As expected, at its core it’s pretty much Google Chrome desktop browser + Chrome apps that make up ChromeOS. Good enough for most daily online tasks, education/office productivity (Google Docs), and VOIP (Google Hangouts/Voice)

But wait. There’s a shell! And Crouton is available as a download, that sets up a chroot environment and a FULL Linux desktop! Things that run on Linux, like GIMP, LibreOffice, Firefox, and Steam (yes…we’re potentially pushing hardware limits here) are available.
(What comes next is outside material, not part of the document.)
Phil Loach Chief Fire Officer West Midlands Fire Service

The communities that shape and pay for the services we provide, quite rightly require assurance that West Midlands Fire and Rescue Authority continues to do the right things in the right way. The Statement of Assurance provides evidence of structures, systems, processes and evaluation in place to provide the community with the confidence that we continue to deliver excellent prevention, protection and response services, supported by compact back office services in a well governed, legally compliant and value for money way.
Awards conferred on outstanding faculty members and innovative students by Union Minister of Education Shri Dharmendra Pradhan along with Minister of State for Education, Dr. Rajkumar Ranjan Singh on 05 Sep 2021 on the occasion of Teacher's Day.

Screenshot - 05312016 - 09:08:53 PM

It’d be tight, but you could run Eclipse, Android-Studio, MPLABx, or TI CCS for those software engineering projects.

Want to burn more CPU cycles? I run VirtualBox on Linux. I haven’t tried it yet, but there is a Crouton instruction page for setting up VirtualBox. As seen on a couple Youtube Videos, this means a configured Chromebook can run Linux, when then can run VirtualBox to run ….Windows. (Legally, buy a Windows License)
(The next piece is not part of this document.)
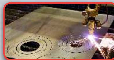
Cutting Tools Industry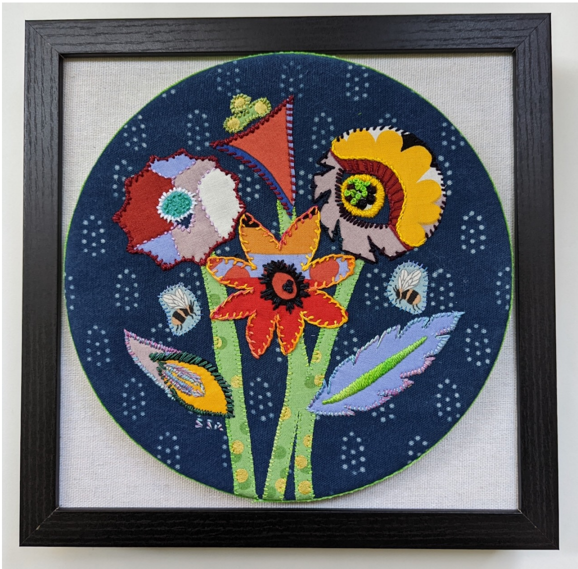
Bold Flowers by Sharon Rossi. Cotton fabric, fusible webbing applique, hand-dyed embroidery thread. Embroidery on wood hoop. Displayed in a 10" square frame.

The value preposition here is that a Samsung Chromebook 3 11.6″ 4GB RAM Chromebook can be had for about $230, that gets you an ultra portable fanless Intel Celeron N3050 dual-core laptop with a 1366×768 screen that claims it can run 11 hrs unplugged. Hardware specs that are in-line with other laptops in the $300-$500 range, but those others tend to have weaker battery life. Screens may be larger but resolution is the same.

We live in an amazing time in our place, where a little over $200 gets you a decently built small laptop that brings you email, voice/video communication, research, networking, and document processing, which connects via WiFi at home or public free sites like libraries and coffee shops, or a cell phone’s hotspot.
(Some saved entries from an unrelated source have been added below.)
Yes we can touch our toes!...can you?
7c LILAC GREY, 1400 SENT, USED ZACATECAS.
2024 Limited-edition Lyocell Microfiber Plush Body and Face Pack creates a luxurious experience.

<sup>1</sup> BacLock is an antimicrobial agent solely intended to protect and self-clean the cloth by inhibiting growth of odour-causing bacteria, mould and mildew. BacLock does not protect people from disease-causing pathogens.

A little guidance (and likely a $40 128GB SD/MicroSD card for expanded local storage) unleashes a full computing desktop environment if more capability is needed.

$270.

For what I probably paid for just a CPU a decade ago, is now the entry point for a NEW complete system that likely fits the needs for 75%+ of the computing user base. No matter how much of that 11hrs battery life is real, it’s still way better than the *almost* 2hrs battery life I’ve gotten with black-friday special stripped laptops.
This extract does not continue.